Having in mind the direct estimation of Bayes factors, more complicated estimators may be derived using compound geometric paths. With the term compound paths we refer to paths that consist of a hyper geometric path, \(Q_t (\varvec{\theta })\), used to link two competing models and a nested path \(q_t(\varvec{\theta },i)\) for each endpoint function \(Q_i\), for \(i=0,1\). The two intersecting paths form a quadrivial, \((Q\circ q)_t(\varvec{\theta })= Q_1(\varvec{\theta })^t Q_0(\varvec{\theta })^{1-t}\) with \(t\in [0,1]\) that can be defined as

$$\begin{aligned}&(Q\circ q)_t(\varvec{\theta }) \\&\quad = \bigg [ q_1(\varvec{\theta },1)^t q_0(\varvec{\theta },1)^{1-t}\bigg ]^t\, \bigg [ q_1(\varvec{\theta },0)^t q_0(\varvec{\theta },0)^{1-t}\bigg ]^{1-t}. \end{aligned}$$

The multivariate extension is discussed in detail in Gelman and Meng (1998). The endpoint target densities are given by \(q_i(\varvec{\theta },i)\) for \(t=0\) and \(t=1\) respectively estimating the ratio \(z_{1}/z_{0} = \int q_1(\varvec{\theta },1) d\varvec{\theta } \times \left[ \int q_0(\varvec{\theta },0) d\varvec{\theta } \right] ^{-1}. \) The densities \(q_i(\varvec{\theta },j)\) for \(i,j = 0, 1\) and \(i \ne j\) serve as linking densities within each nested path. Therefore, following the importance-sampling logic, they should play the role of approximating (importance) functions for each \(q_i(\varvec{\theta },i)\).
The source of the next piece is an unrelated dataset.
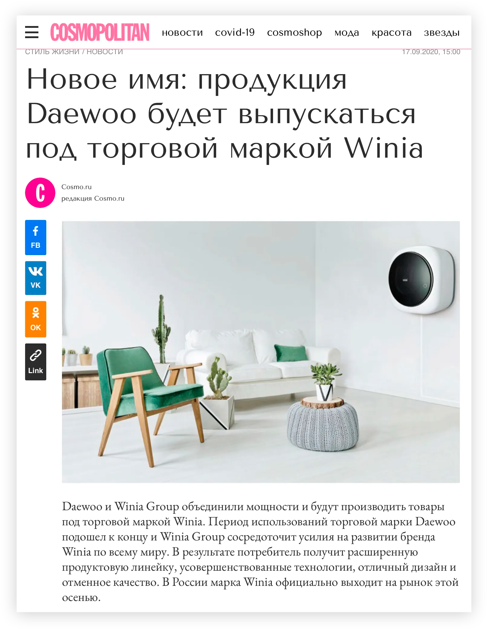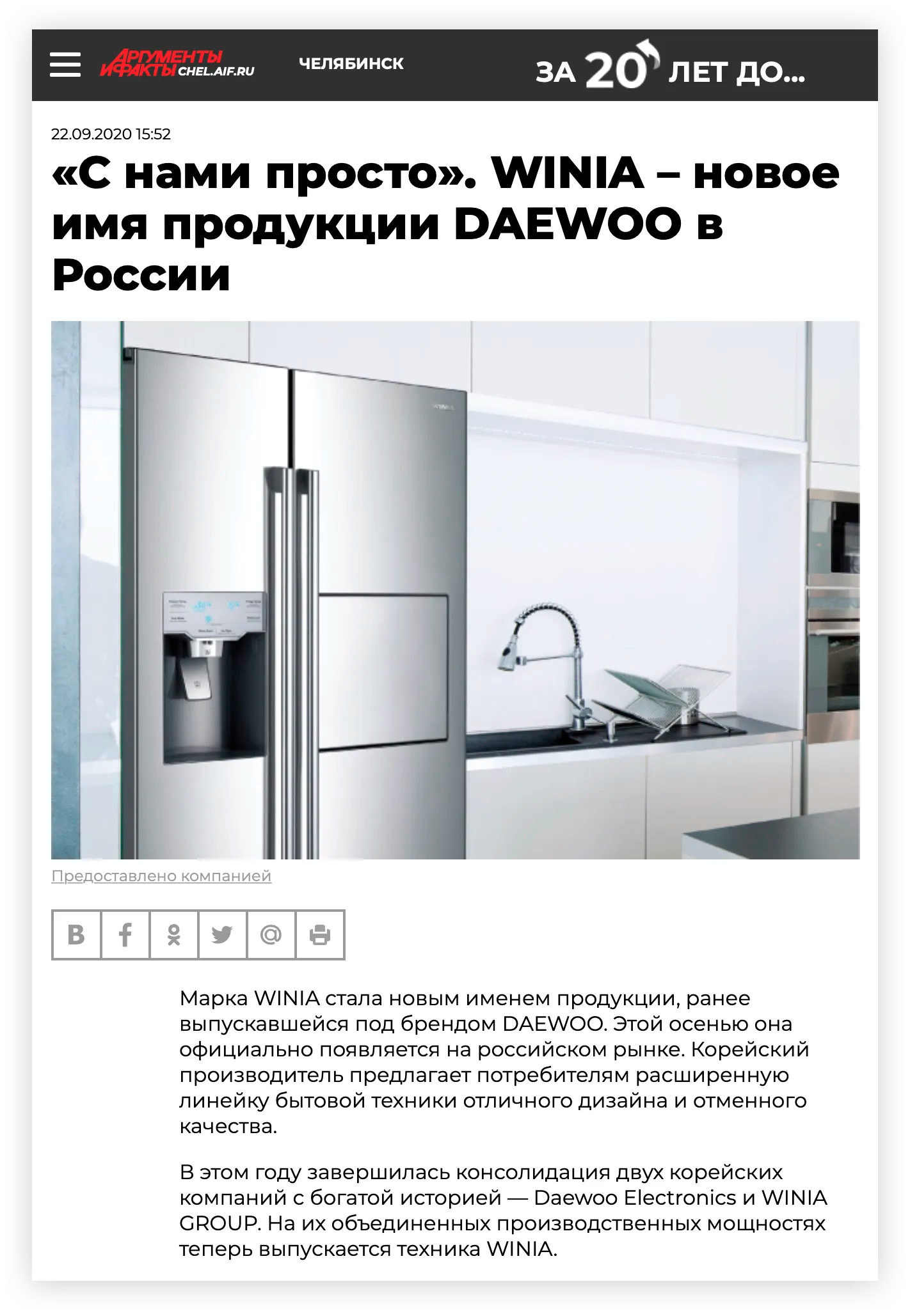 В 2020 году Daewoo провёл ребрендинг и стал WINIA. Мы помогли бренду перестроиться в соцсетях. Вместо привычных рекламных постов мы сделали акцент на сторителлинг и вовлечённость:

For the specific case of the Bayes factor estimation, the objective is to retrieve the marginal likelihoods at the endpoints and therefore it is reasonable to consider as nested paths the prior-posterior and the importance-posterior paths, discussed in the previous section. The importance-posterior BF quadrivial, for instance, is as follows

$$\begin{aligned} (Q\circ q)^{{IP}}_t(\varvec{\theta })= & {} \Bigg [\bigg \{f(\varvec{y}|\,\varvec{\theta }, m_1) \pi (\varvec{\theta }|\, m_1)\bigg \}^{t} g(\varvec{\theta }|\, m_1)^{1-t}\Bigg ]^{t} \nonumber \\&\times \Bigg [\bigg \{f(\varvec{y}|\,\varvec{\theta }, m_0) \pi (\varvec{\theta }|\, m_0)\bigg \}^{1-t}g(\varvec{\theta }|\, m_0)^{t} \Bigg ]^{1-t} \end{aligned}$$

leading to the thermodynamic (\(Q_{IP_T}\)) and stepping-stone (\(Q_{IP_S}\)) expressions

$$\begin{aligned}&\displaystyle \log BF_{10} \\&\quad =\displaystyle \int _0^1 E_{P_t}\left[ \log \frac{\bigg \{f(\varvec{y}|\, \varvec{\theta }, m_1)\,\pi (\varvec{\theta }|\, m_1)/g(\varvec{\theta }|\, m_1)\bigg \}^{2t} g(\varvec{\theta }|\, m_1)}{\bigg \{f(\varvec{y}|\,\varvec{\theta }, m_0)\, \pi (\varvec{\theta }|\, m_0)/g(\varvec{\theta }|\, m_0)\bigg \}^{2(1-t)} g(\varvec{\theta }|\, m_0)}\right] dt \end{aligned}$$

and

$$\begin{aligned}&\displaystyle BF_{10}=\prod _{i=0}^{n-1}\int _{\varvec{{\varTheta }}} \\&\quad \times \log \frac{\bigg \{f(\varvec{y}|\,\varvec{\theta }, m_1)\,\pi (\varvec{\theta }|\, m_1)/g(\varvec{\theta }|\, m_1)\bigg \}^{2 T_i }g(\varvec{\theta }|\, m_1)}{\bigg \{f(\varvec{y}|\,\varvec{\theta }, m_0)\,\pi (\varvec{\theta }|\, m_0)/g (\varvec{\theta }|\, m_0)\bigg \}^{2(1-T_i)}g(\varvec{\theta }|\, m_0)} \,P_{t_i}(\varvec{\theta }) \, d \varvec{\theta }, \end{aligned}$$

where \(P_t(\varvec{\theta })=(Q\circ q)^{{IP}}_t (\varvec{\theta })/Z_t\), \(Z_t= \int _{\varvec{{\varTheta }}}(Q\circ q)^{{IP}}_t \,d\varvec{\theta }\), \(t\in [0,1]\). In the thermodynamic expression, t is the melting temperature and \(1-t\) the annealing one, assuming that the procedure starts at \(t=0\) and gradually increases to \(t=1\). The hyper-path ensures that while the model \(m_1\) is melting, the model \(m_0\) is annealing. At the same time, the importance-posterior path serving as the nested one, links the posterior with the importance at each model separately. In the stepping-stone counterpart expression the melting and annealing temperatures are given by \(T_i=(t_{i+1}+t_{i})/2\) for any \(i = 0,1,\dots , n-1\).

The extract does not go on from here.